**Task brief:**
Return the data below in full and exactly, except that the pictures are dropped.

**Collected material:**

Segment Open

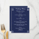 Convites personalizados de menu de casamento náutico azul-marinho com texto personalizável
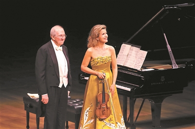 一身亮丽的抹胸长裙,脸上挂着迷人的笑容。时隔五年再度登台国家大剧院,已进入花甲之年的小提琴家安妮-索菲·穆特优雅依然。前晚,穆特携手合作36年的老搭档——钢琴家兰伯特·奥金斯,在国家大剧院音乐厅联袂呈现了莫扎特、舒伯特、克拉拉·舒曼和雷斯庇基等古典乐名家的弦乐经典,以纯粹热烈的演奏征服了全场观众。
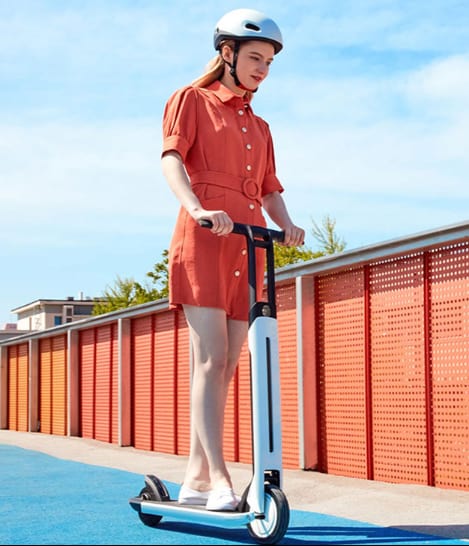 สกู๊ตเตอร์ใช้ล้อแบบยางตัน ทำให้ไม่ต้องกังวลในเรื่องลมยาง ซึ่งล้อหน้าและหลังมีขนาดแตกต่างกัน ด้านหลังใช้ล้อขนาด 6 นิ้ว ล้อด้านหน้ามีขนาด 7.5 นิ้ว ช่วยให้สะดวกในการพับเก็บและขนย้าย
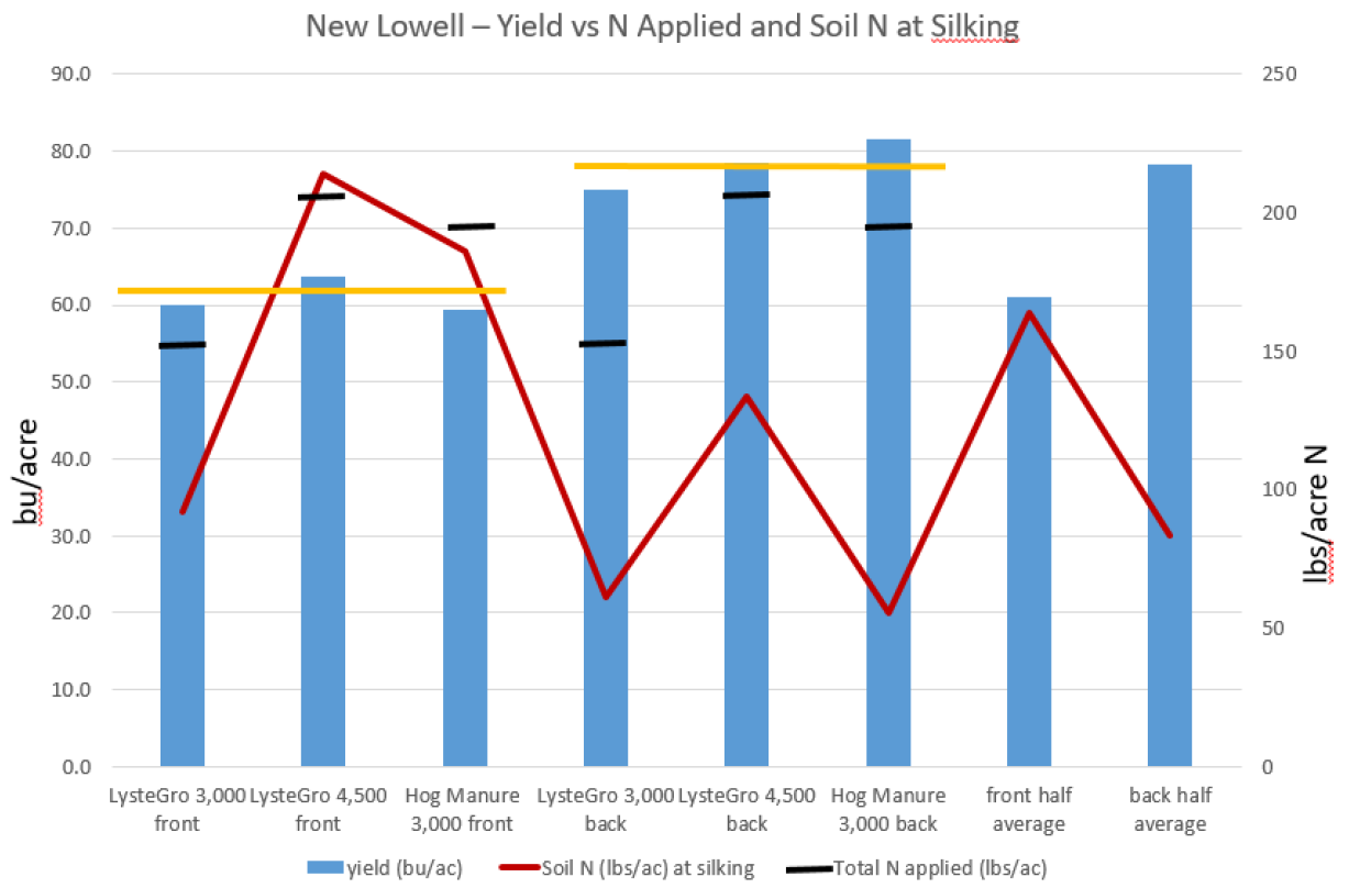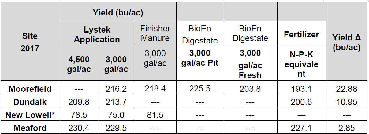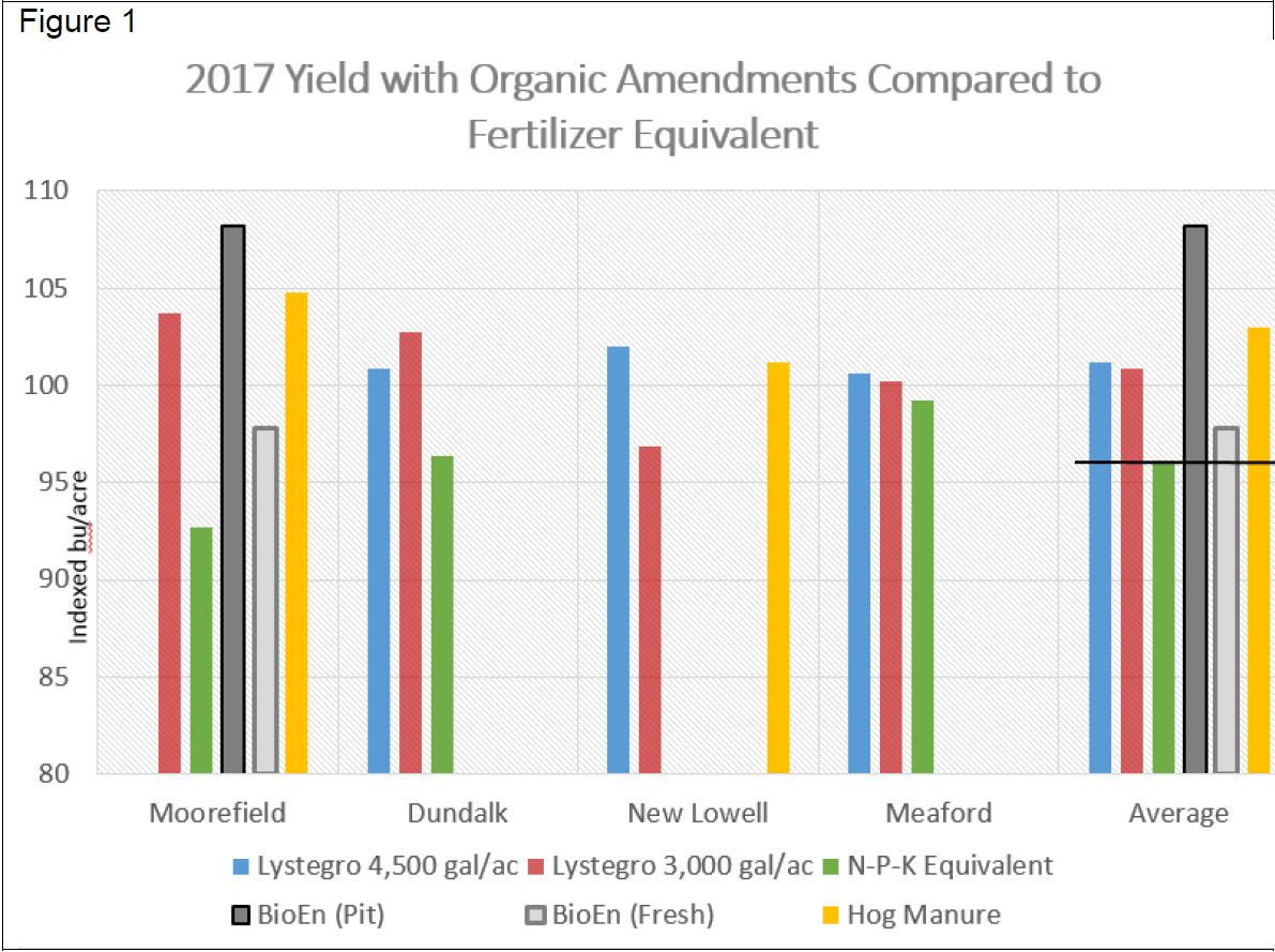 Table 7 shows the plot yields for the various treatments. A frost in late August affected the New Lowell site and resulted in significant yield reductions at that site. As a result, the data for 2017 was indexed to give a better indication of treatment response. The New Lowell site also had the Lystegro and Hog manure side-dressed in mid-June. This site did not have a commercial fertilizer check.

Segment Closed

**Response box:**
 Convites personalizados de menu de casamento náutico azul-marinho com texto personalizável
 一身亮丽的抹胸长裙,脸上挂着迷人的笑容。时隔五年再度登台国家大剧院,已进入花甲之年的小提琴家安妮-索菲·穆特优雅依然。前晚,穆特携手合作36年的老搭档——钢琴家兰伯特·奥金斯,在国家大剧院音乐厅联袂呈现了莫扎特、舒伯特、克拉拉·舒曼和雷斯庇基等古典乐名家的弦乐经典,以纯粹热烈的演奏征服了全场观众。
 สกู๊ตเตอร์ใช้ล้อแบบยางตัน ทำให้ไม่ต้องกังวลในเรื่องลมยาง ซึ่งล้อหน้าและหลังมีขนาดแตกต่างกัน ด้านหลังใช้ล้อขนาด 6 นิ้ว ล้อด้านหน้ามีขนาด 7.5 นิ้ว ช่วยให้สะดวกในการพับเก็บและขนย้าย
 Table 7 shows the plot yields for the various treatments. A frost in late August affected the New Lowell site and resulted in significant yield reductions at that site. As a result, the data for 2017 was indexed to give a better indication of treatment response. The New Lowell site also had the Lystegro and Hog manure side-dressed in mid-June. This site did not have a commercial fertilizer check.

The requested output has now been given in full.